▶ _BRIEF_: Nothing but the lines below from the one containing "本文首先介绍了车辆管理系统的" through the one containing "- CPU diagnostics" should appear in the answer, exact and without pictures.

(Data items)
Segment Open

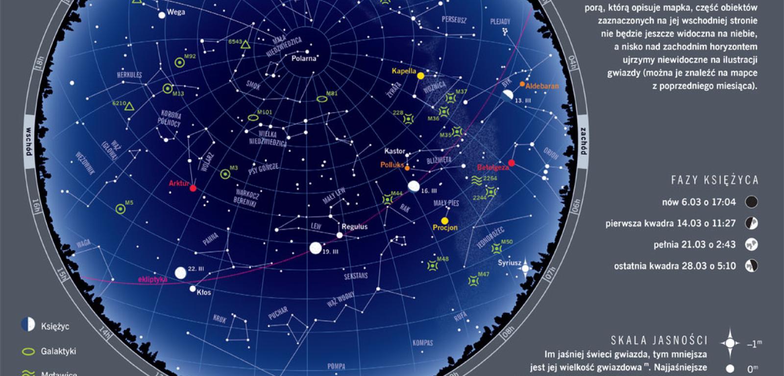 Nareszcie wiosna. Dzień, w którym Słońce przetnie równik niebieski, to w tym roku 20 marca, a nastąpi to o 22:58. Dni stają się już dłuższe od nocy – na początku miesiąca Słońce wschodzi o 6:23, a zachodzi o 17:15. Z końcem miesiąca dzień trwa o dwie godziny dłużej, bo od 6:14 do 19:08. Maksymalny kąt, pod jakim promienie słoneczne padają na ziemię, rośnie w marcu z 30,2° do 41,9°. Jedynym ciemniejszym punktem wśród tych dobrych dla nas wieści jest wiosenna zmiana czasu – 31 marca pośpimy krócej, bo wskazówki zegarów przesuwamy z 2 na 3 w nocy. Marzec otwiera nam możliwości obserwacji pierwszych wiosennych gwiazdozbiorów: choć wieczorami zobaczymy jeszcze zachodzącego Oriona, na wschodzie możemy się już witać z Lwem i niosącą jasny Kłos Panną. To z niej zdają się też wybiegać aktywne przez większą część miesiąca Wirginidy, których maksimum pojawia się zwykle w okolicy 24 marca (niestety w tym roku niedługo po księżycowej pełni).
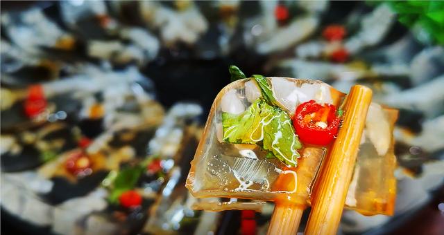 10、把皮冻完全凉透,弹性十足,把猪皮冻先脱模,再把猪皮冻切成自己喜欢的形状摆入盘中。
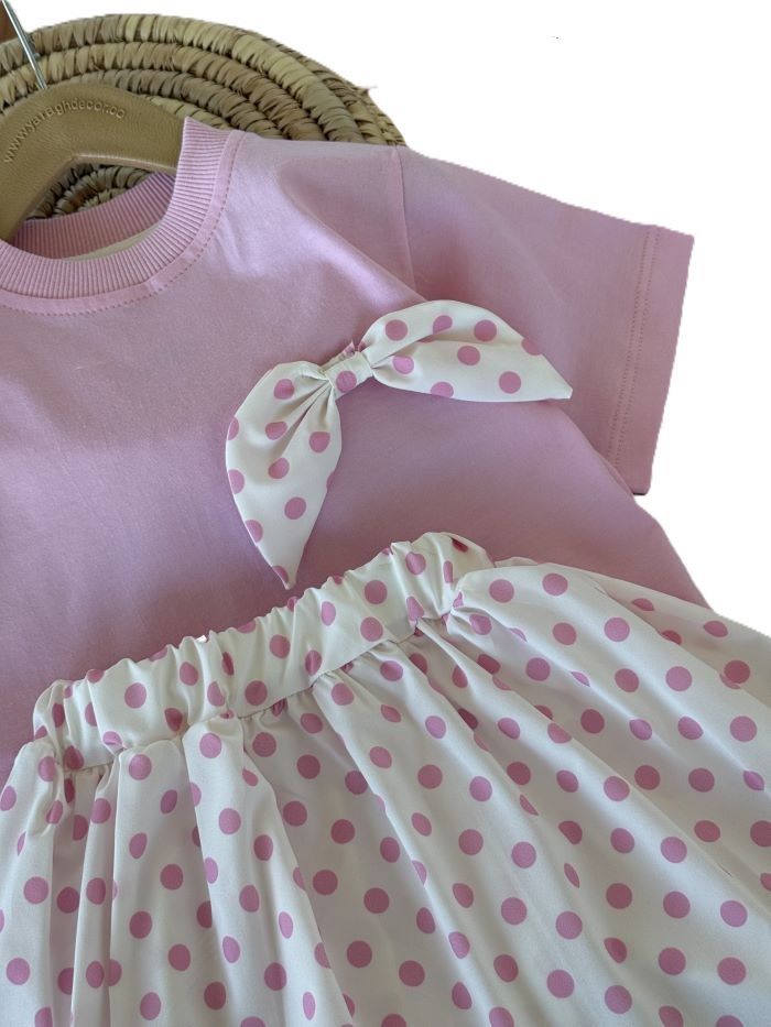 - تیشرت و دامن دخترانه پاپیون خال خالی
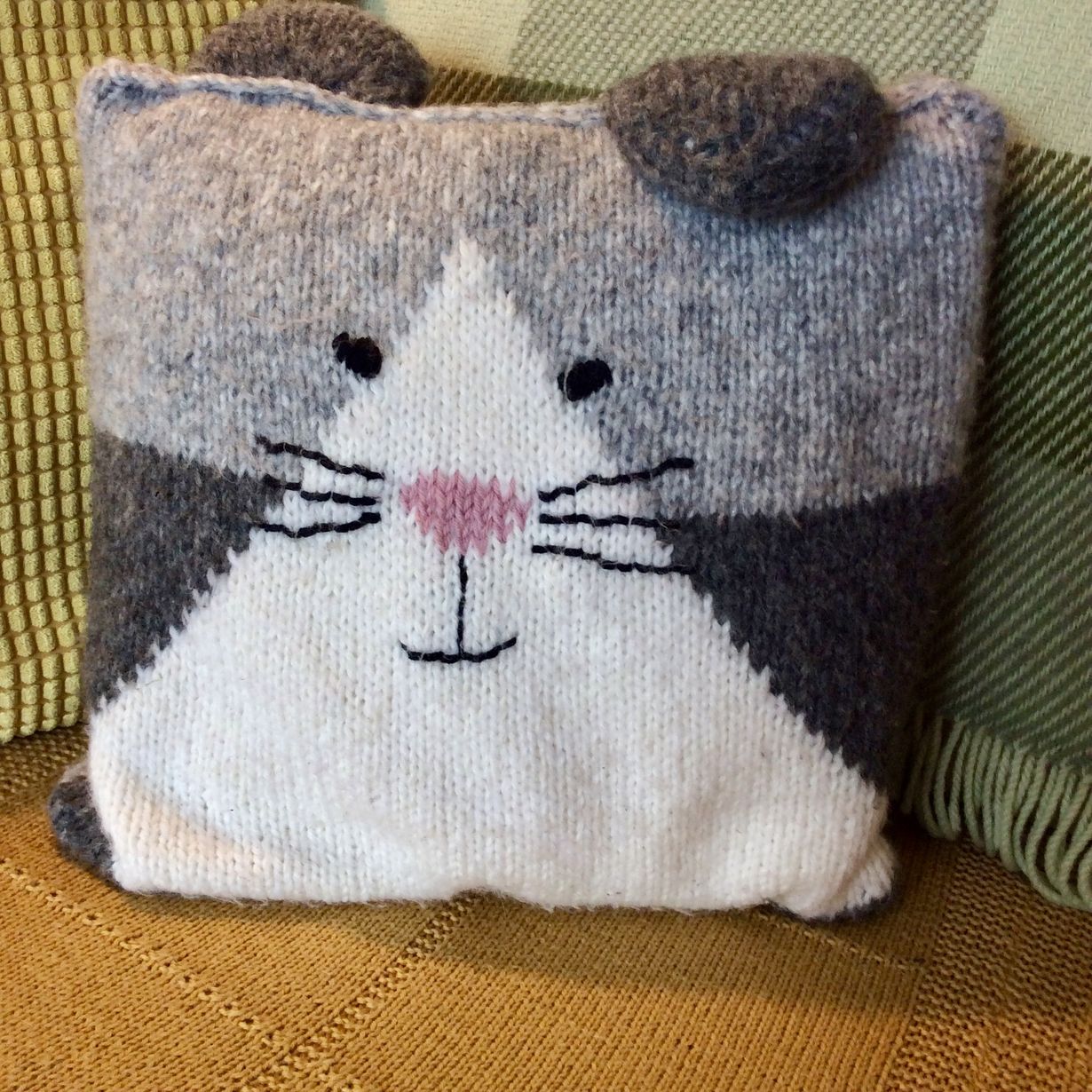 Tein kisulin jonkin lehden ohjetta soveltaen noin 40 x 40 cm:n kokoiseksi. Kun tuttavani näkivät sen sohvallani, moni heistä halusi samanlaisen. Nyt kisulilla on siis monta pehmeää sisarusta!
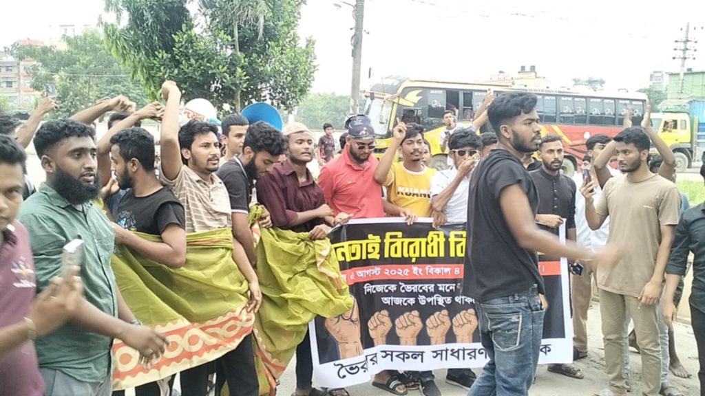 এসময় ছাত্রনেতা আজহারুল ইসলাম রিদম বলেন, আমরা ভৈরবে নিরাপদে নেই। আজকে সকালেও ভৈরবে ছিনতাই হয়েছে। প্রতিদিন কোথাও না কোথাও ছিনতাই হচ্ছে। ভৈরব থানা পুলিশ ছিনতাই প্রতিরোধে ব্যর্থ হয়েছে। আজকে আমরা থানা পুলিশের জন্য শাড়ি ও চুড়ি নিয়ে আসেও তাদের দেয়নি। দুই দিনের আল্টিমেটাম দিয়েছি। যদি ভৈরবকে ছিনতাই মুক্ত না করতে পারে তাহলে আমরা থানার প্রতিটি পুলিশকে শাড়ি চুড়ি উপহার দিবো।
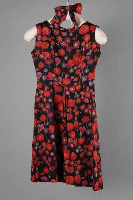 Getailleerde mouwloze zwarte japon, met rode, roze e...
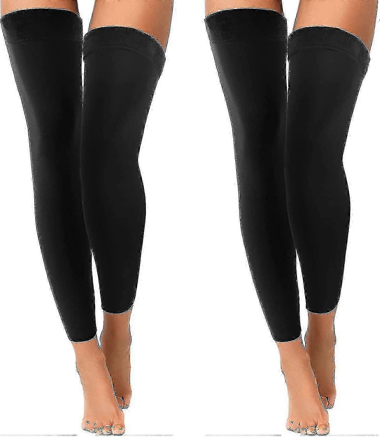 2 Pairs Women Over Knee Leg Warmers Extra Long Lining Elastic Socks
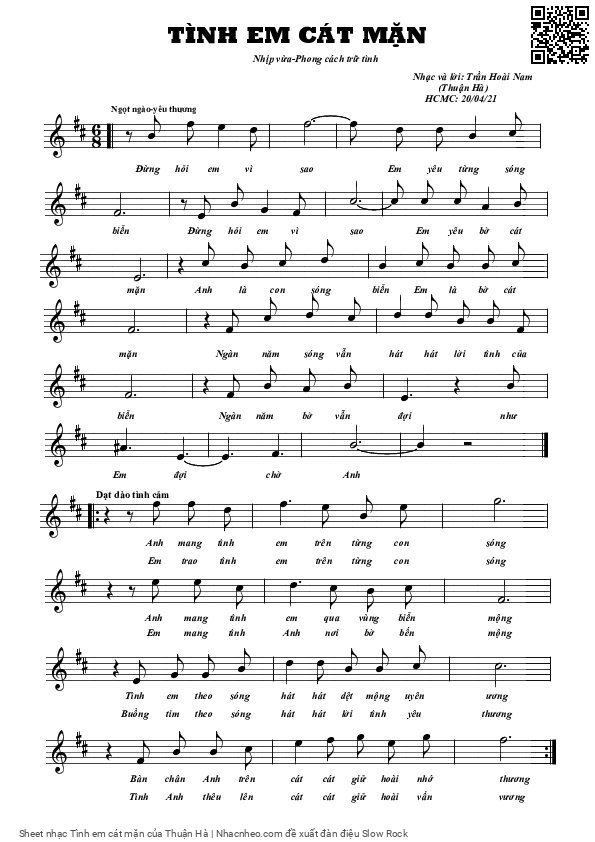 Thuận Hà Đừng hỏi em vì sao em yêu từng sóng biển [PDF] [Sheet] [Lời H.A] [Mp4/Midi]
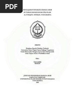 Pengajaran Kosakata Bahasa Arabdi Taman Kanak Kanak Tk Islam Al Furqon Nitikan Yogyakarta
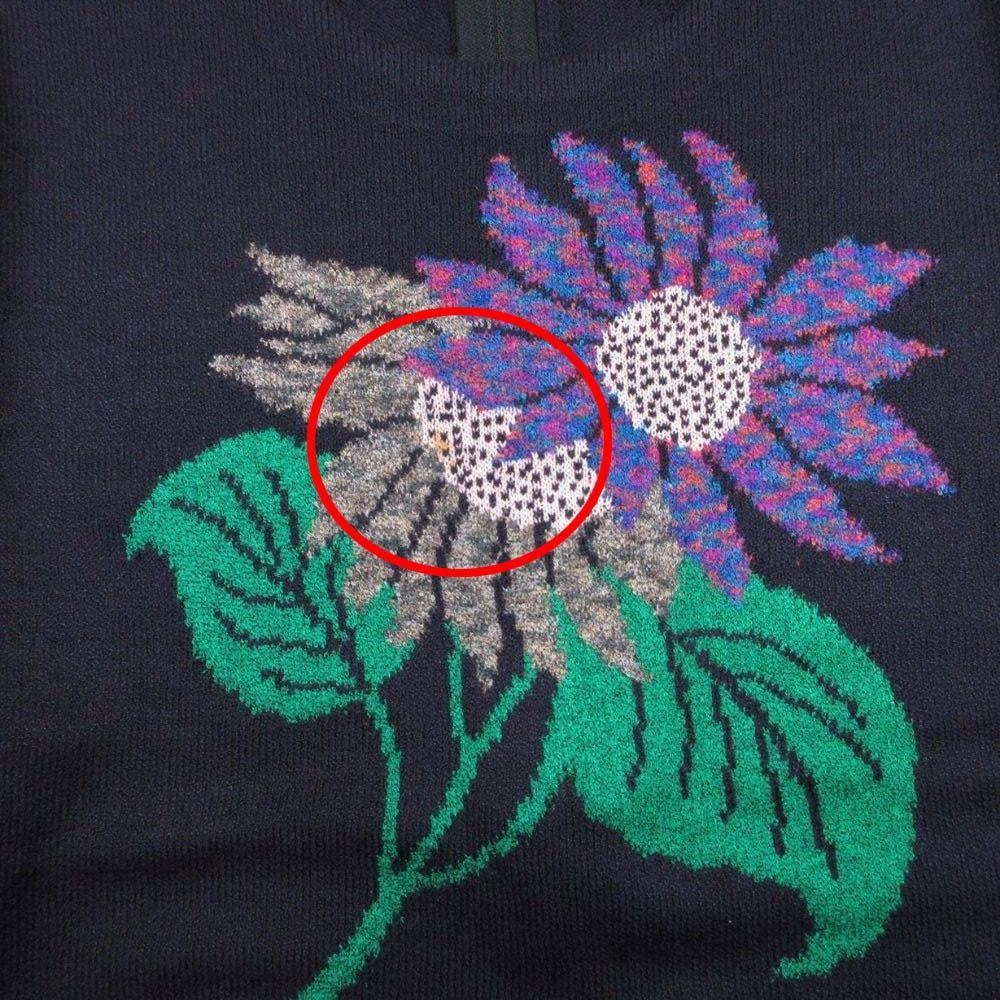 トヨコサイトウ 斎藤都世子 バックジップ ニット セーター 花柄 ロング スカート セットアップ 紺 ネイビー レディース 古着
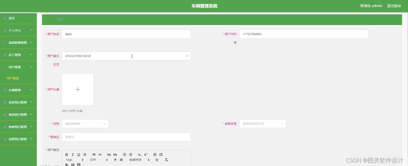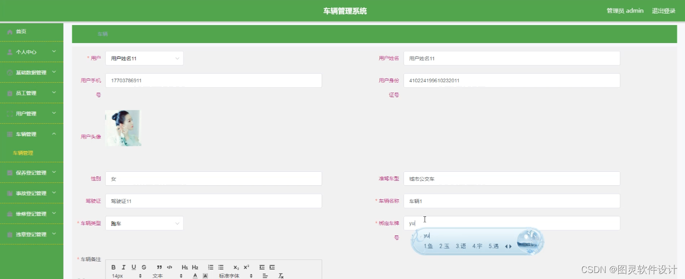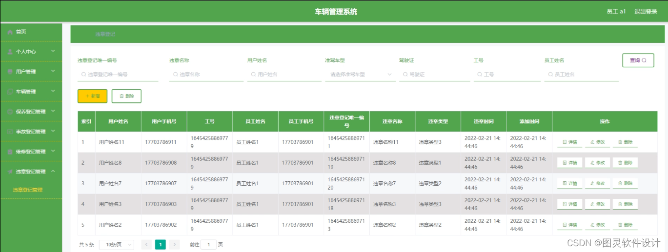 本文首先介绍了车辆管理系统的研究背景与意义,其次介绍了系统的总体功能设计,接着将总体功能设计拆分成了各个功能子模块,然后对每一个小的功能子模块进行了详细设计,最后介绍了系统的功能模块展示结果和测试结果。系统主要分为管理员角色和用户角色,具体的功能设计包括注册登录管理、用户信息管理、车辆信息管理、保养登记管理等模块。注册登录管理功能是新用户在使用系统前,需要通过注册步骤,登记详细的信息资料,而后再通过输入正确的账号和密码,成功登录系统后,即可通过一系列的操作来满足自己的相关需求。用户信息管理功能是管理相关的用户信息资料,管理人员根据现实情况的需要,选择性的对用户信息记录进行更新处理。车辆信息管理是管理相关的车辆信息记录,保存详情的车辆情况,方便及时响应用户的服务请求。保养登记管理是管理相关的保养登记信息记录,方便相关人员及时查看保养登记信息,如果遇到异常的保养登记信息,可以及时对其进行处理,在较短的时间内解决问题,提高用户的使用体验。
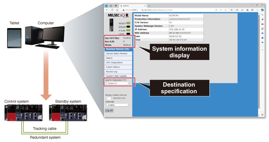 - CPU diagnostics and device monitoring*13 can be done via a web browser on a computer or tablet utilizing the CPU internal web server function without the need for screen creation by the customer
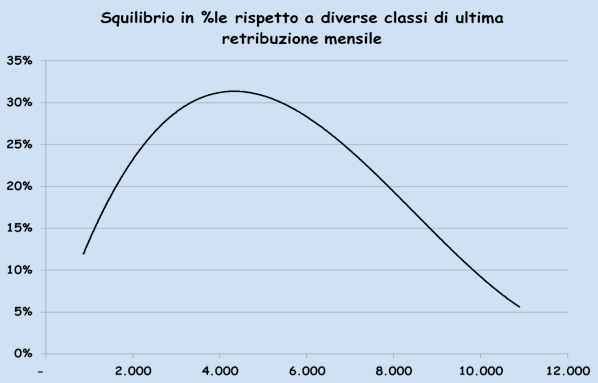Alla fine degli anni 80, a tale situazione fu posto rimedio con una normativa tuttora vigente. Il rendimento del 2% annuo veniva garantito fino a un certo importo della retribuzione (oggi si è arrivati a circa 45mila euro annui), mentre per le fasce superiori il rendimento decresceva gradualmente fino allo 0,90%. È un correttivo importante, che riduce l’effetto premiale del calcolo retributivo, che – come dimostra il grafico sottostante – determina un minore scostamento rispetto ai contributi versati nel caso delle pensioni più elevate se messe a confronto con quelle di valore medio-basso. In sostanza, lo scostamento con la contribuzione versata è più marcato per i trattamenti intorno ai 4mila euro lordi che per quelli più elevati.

Segment Closed

▶ _REPLY TO THE TASK_:
 本文首先介绍了车辆管理系统的研究背景与意义,其次介绍了系统的总体功能设计,接着将总体功能设计拆分成了各个功能子模块,然后对每一个小的功能子模块进行了详细设计,最后介绍了系统的功能模块展示结果和测试结果。系统主要分为管理员角色和用户角色,具体的功能设计包括注册登录管理、用户信息管理、车辆信息管理、保养登记管理等模块。注册登录管理功能是新用户在使用系统前,需要通过注册步骤,登记详细的信息资料,而后再通过输入正确的账号和密码,成功登录系统后,即可通过一系列的操作来满足自己的相关需求。用户信息管理功能是管理相关的用户信息资料,管理人员根据现实情况的需要,选择性的对用户信息记录进行更新处理。车辆信息管理是管理相关的车辆信息记录,保存详情的车辆情况,方便及时响应用户的服务请求。保养登记管理是管理相关的保养登记信息记录,方便相关人员及时查看保养登记信息,如果遇到异常的保养登记信息,可以及时对其进行处理,在较短的时间内解决问题,提高用户的使用体验。
 - CPU diagnostics and device monitoring*13 can be done via a web browser on a computer or tablet utilizing the CPU internal web server function without the need for screen creation by the customer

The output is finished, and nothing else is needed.